几经冲错搏杀,终于三人逐渐被压得挤在一处,失去自由活动的空间。
花花太岁是高手中的高手,但与钦差府的高手走狗相较,份量仍嫌不足,缺乏独当一面的勇气,只敢跟在绝剑徐飞扬的身后打烂仗,也暗中负责指引绝剑的任务,混战中,总算还胜任浑水摸鱼的工作。
铮一声狂震。
他接了一名中年人狂野的一剑,猛烈的震力,将他震得手臂发麻,身形不由自主斜冲出丈外,马步大乱。
晶芒似电,一枚三棱透风镖到了他的左胸前,是另一名走狗从侧方射来的致命一镖,他毫无躲闪的机会,只等钢镖入胸。
白光一闪,叮一声脆响,三棱镖距体仅两三寸,被一把单刀化不可能为可能拍中,镖失速掉落。
镖芒和刀光,都吓了他一大跳。
他看到刀的主人,是鬼见愁。
鬼见愁向他挤眉弄眼,向侧踉跄斜窜,速度有限,似乎有点真力不继,身法欠灵活。但这一窜恰好到了左前方绝剑的左后侧,不假思索地乘势扭身一横刀。
瞎猫碰上死老鼠,刀拍中一名走狗的右胯。
一声怪叫,走狗飞摔出丈外。
走狗的练子枪,缠在绝剑的腰干上。
绝剑身形倒退,几乎被拖倒。走狗被刀拍飞,练子枪失去力源,攻败垂成,没能把绝剑拖倒。
“站稳了,大剑客。”鬼见愁及时扶住了绝剑,大声沉喝。
“去你的!”绝剑被沉声所惊,浑身一震,神智倏清,拨开鬼见愁相扶的手:“走开……”
突然光芒急变的怪眼,重又恢复狂乱的光芒,不再理会鬼见愁,追电剑光芒迸发,扑向一名走狗,剑幻化出满天雷电。
短暂的清醒作用有限,杭教主所施的禁制,不是鬼见愁的振声起劲沉喝所能破解的。
有四十余白衣男女投入,情势急转直下,浑天教反败为胜,两股人马一合,输赢成了定局。
四十余名男女的武功极为出色,每个人的修为皆可名列高手中的高手,实力比浑天教的人强几分,而且知道使用巧妙配合的阵势拼搏,在大规模的混战中,表现更为突出,气势磅礴锐不可挡。
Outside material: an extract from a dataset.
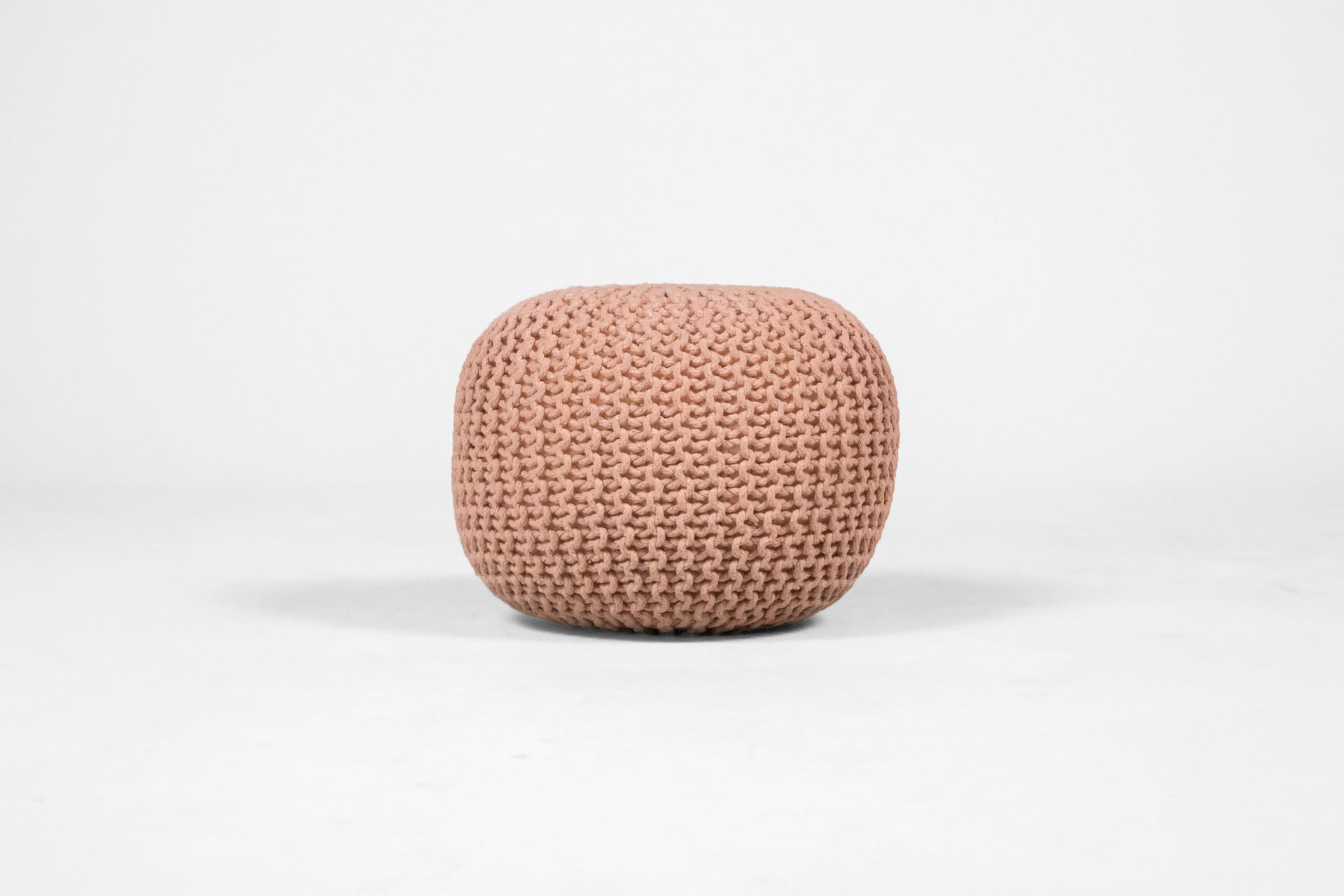Stílusos, kerek formájú puff, puha, kötött anyagból készült, amely kényelmes ülőfelületet biztosít. A világos rózsaszín árnyalat modern és barátságos megjelenést kölcsönöz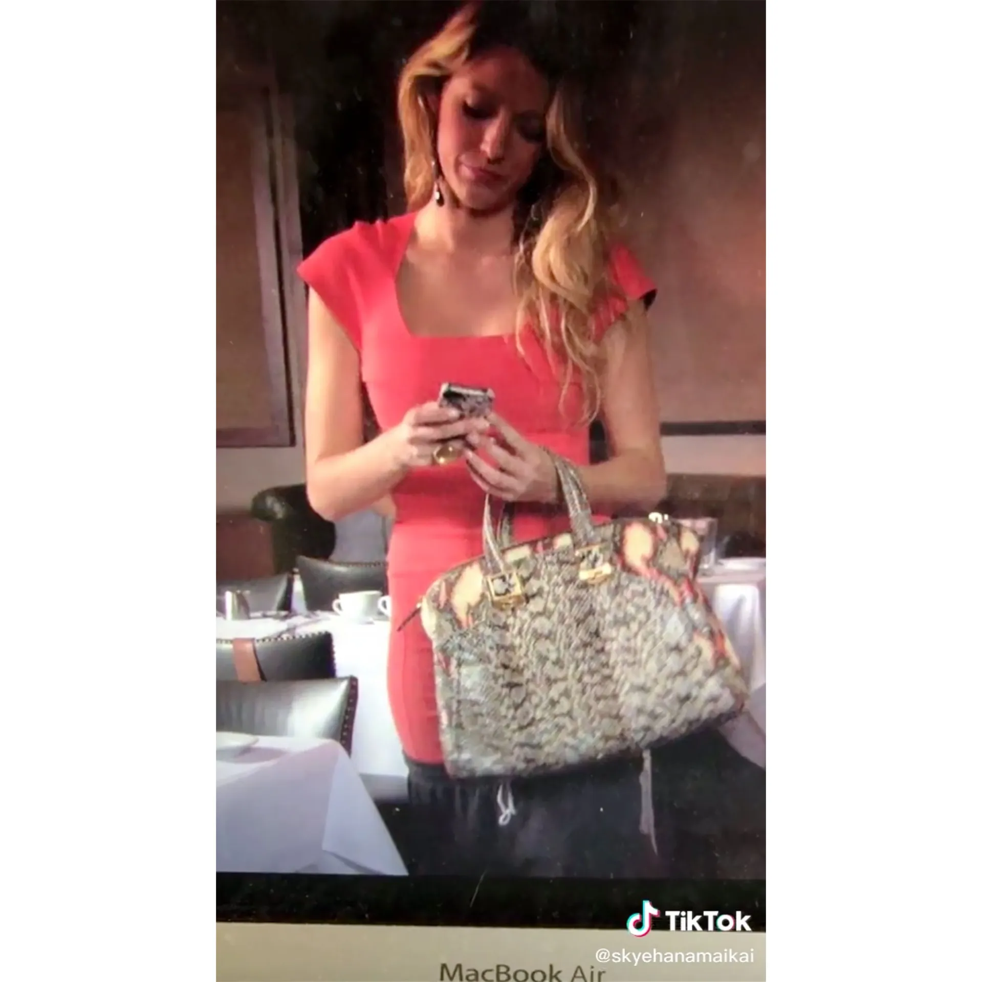 In May 2020, the first of many GG editing errors was spotted on the social media platform. One eagle-eyed user rewatched the fourth episode of season 6, titled “Portrait of a Lady Alexander.” Within the first few shots, Serena Van Der Woodsen (Blake Lively) is seen in a tight peach dress with an oversized snakeskin handbag as she sits down at a table at a restaurant.

乌合之众大白天混战,不会牵到个人名利之争,把陌生的对手杀死,也得不到丝毫实质上的好处,既没有监督,也不需攻夺或守护某一目标,与昨晚夜袭必须防守不同。
因此,大多数人采取游斗应付,肯拼命的人少之又少,伤亡因之减至最低程度。
真正敢奋勇拼命的人,是十一个身心不由自主的俘虏。绝剑是其中之一,简直就成了可怕的杀神。
鬼见愁不得不放弃追随绝剑的举动,绝剑用不着他在旁协助啦!同时,恶斗的人逐渐分散,奔东逐北各自为战,他也被两个爪牙逼得四处乱窜。
他的刀当作棍用,用刀背招架,以刀身拍击,一直就没有用刀锋砍人的机会,他也不想砍人,避免暴露所学。
浑天教的人都知道他武功差劲,被人追逐理所当然。
窜入荒野,终无把追逐他的人摆脱了。追逐他的爪牙是高手,不屑紧迫追逐一个落荒逃窜的小辈。
听到前面一丛灌木后,传来一声狂笑,他心中一动,不假思索窜入灌木丛悄然接近。
狂笑声被几声震耳的金鸡打断,兵刃交击声急似连珠花炮爆炸,一听便知有几个人交手,恶斗十分激烈。
前面草地上恶斗如火如荼,双方全力卯上了。
右方是两个青衫中年人,两支剑势如狂风暴雨,夹攻一位脸蛋极为娇媚白衣女郎。
白衣女郎闪动像是舞蹈,裙袂飘扬有如凌波玉女,手中斗剑飘忽如灵蛇,吞吐间记记直攻要害,两个中年人根本抓不住同时出招的机会
但女郎如想掌握情势也非易事,武功相当,一比二胜算不大。
近灌木丛处恶斗中的一对,剑势似要猛烈些。
一位黑脸膛身材像金刚的中年大汉,一剑连一剑以泰山压卵似的声势,把一位身材窈窕的少女,逼得一步步后退,每一剑接触,少女皆不得不后退一步。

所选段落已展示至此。